Work instruction:
Range to reproduce from the entries below: the line with "First test of", the line with "The current proposal", and every line in between. Give them exactly and give nothing else.

Information given:
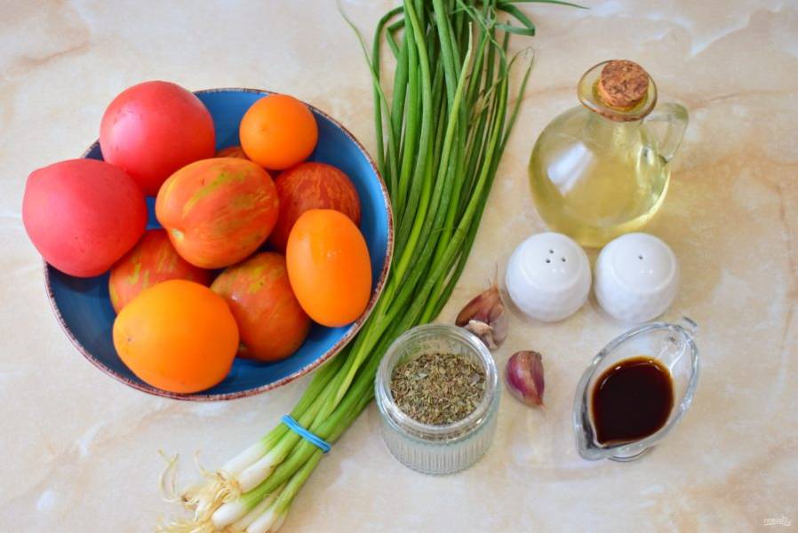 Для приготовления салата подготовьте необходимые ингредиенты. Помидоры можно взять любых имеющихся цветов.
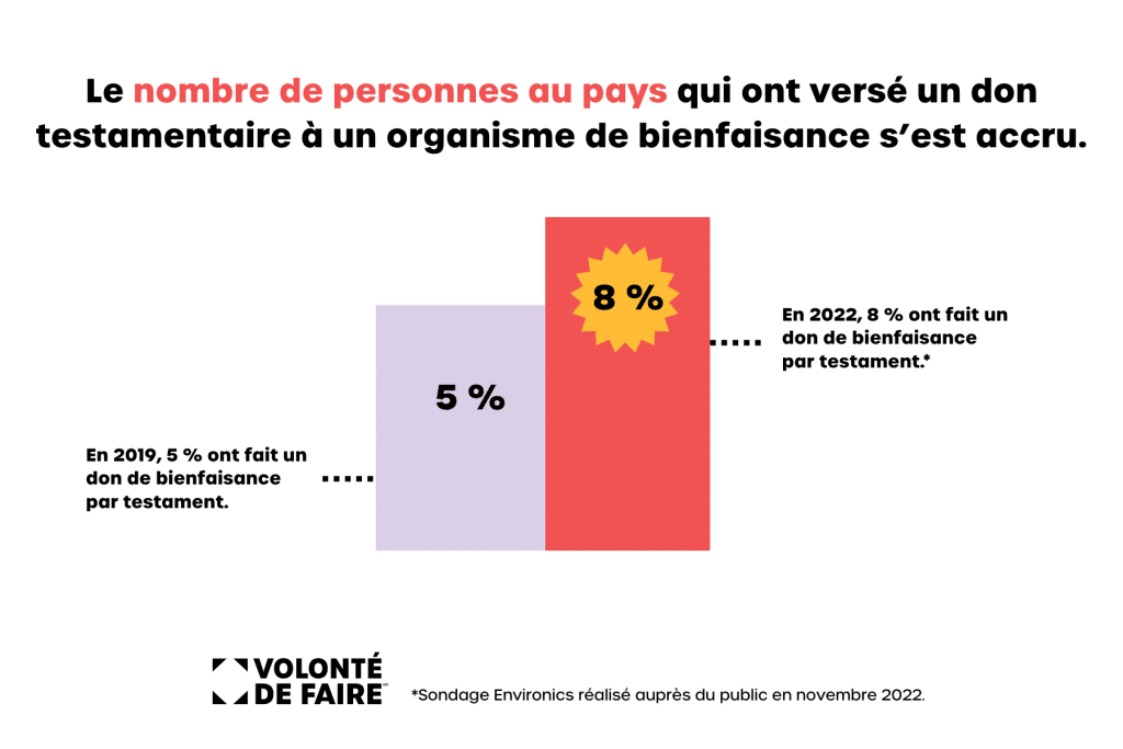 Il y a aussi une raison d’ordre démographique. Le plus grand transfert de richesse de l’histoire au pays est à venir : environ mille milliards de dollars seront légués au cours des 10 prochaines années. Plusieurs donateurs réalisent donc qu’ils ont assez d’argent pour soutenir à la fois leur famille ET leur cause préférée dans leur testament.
--
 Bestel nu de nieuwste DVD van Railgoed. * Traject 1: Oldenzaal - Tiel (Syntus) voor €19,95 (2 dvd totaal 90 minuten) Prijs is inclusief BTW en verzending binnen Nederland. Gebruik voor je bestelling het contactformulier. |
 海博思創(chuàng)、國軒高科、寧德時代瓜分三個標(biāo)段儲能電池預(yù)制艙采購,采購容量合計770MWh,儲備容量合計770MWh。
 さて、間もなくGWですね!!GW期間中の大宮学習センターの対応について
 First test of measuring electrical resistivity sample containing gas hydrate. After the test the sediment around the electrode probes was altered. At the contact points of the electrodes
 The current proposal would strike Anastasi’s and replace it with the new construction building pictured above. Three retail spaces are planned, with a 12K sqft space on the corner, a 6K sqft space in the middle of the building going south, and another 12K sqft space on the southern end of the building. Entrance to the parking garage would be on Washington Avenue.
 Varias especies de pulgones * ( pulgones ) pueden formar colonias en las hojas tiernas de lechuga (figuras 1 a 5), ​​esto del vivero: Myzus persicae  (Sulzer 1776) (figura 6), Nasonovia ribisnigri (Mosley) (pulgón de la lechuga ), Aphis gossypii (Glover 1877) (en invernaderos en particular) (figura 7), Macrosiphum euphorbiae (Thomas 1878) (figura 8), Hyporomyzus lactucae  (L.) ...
--
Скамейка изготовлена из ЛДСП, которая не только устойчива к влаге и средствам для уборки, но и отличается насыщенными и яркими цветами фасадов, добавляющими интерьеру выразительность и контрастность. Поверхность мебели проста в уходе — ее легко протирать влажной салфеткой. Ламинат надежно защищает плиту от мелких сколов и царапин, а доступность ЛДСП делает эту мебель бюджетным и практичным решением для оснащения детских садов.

Exercise output:
 First test of measuring electrical resistivity sample containing gas hydrate. After the test the sediment around the electrode probes was altered. At the contact points of the electrodes
 The current proposal would strike Anastasi’s and replace it with the new construction building pictured above. Three retail spaces are planned, with a 12K sqft space on the corner, a 6K sqft space in the middle of the building going south, and another 12K sqft space on the southern end of the building. Entrance to the parking garage would be on Washington Avenue.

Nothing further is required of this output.